M.S. Data Journalism
Journalism in the 21st century involves finding, collecting and analyzing data for storytelling, presentation and investigative reporting. The journalism school offers a Master of Science in Data Journalism for students interested in advanced skills.
"Before coming to Columbia, I didn't know anything about web scraping; I had never used SQL before. Those are all great things to have on your resume, along with anything about Python. I hadn't gone too deep into any of those data programming languages before studying here."
Curriculum

Data Journalism students begin their program in the fall taking foundational computational and data courses as well as courses on the fundamentals of reporting. In the second semester, they continue honing their journalistic skills with Writing with Data and the Data, Computation, Innovation workshop, where they will explore cutting-edge storytelling using data and computation, and take a 15‐week seminar and production course with the Master of Science students. In the final semester, students work on the Master’s Project, a substantive piece of data-driven journalism. They also join the Master of Science students in taking a suite of courses called Journalism Essentials, which covers the business, historical, legal and ethical issues of the field. They also take Storytelling with Data and Data, Computation, Innovation II.
Who Should Apply
The M.S. in Data Journalism provides the hands-on training needed to tell deeply reported data-driven stories in the public interest.

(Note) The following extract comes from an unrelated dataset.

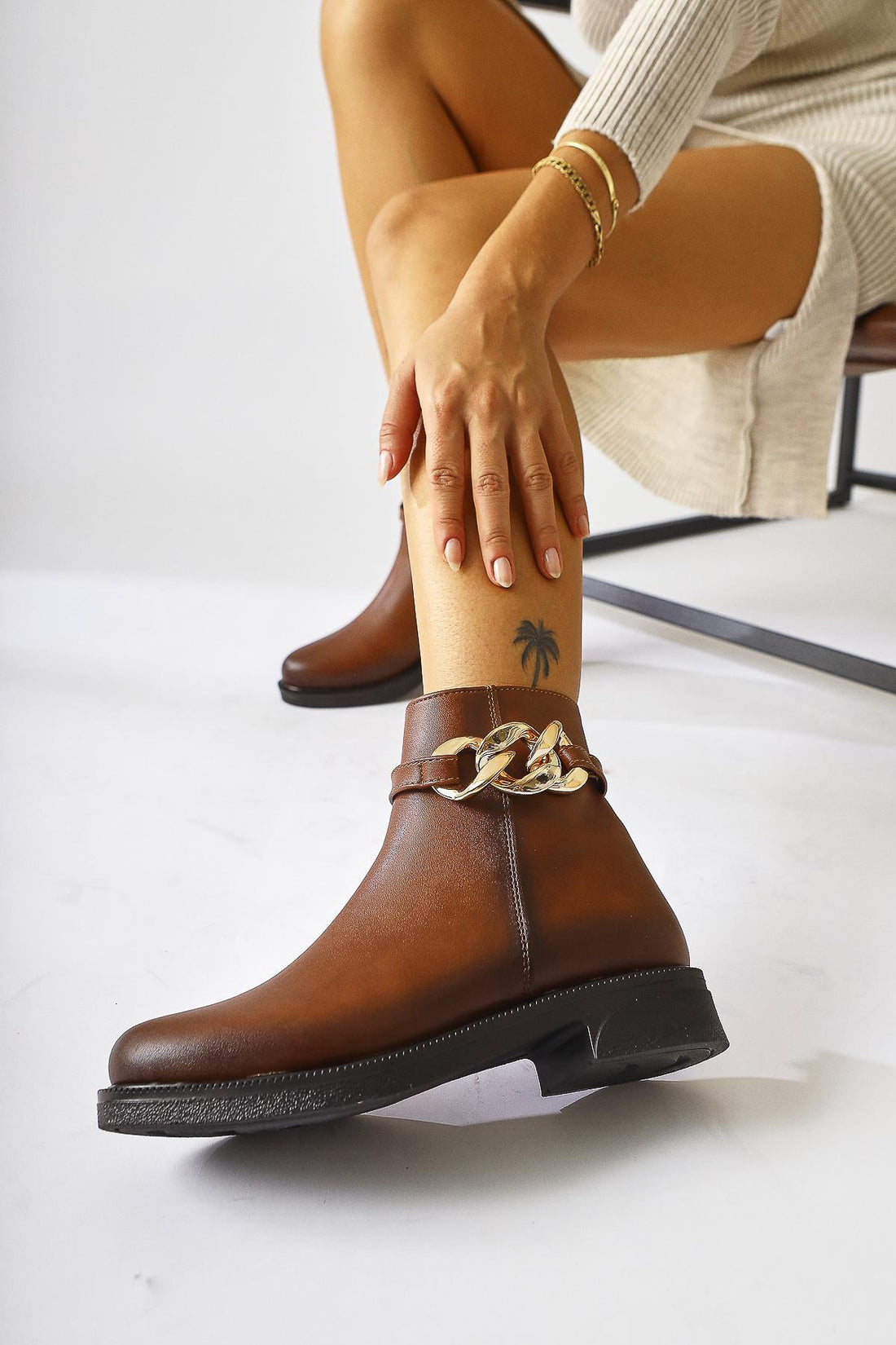 Bahiya Taba Oval Burunlu Fermuarlı Topuklu Bot

The current era needs journalists who can extract stories and meaning from data and massive information flows. The program trains students to confidently use data to report compelling stories.
Applicants do not need to have experience with data or computation to enroll in this three-semester program. All students are required to attend foundational courses that allow those with no data experience to hone their skills in data acquisition, extraction and analysis.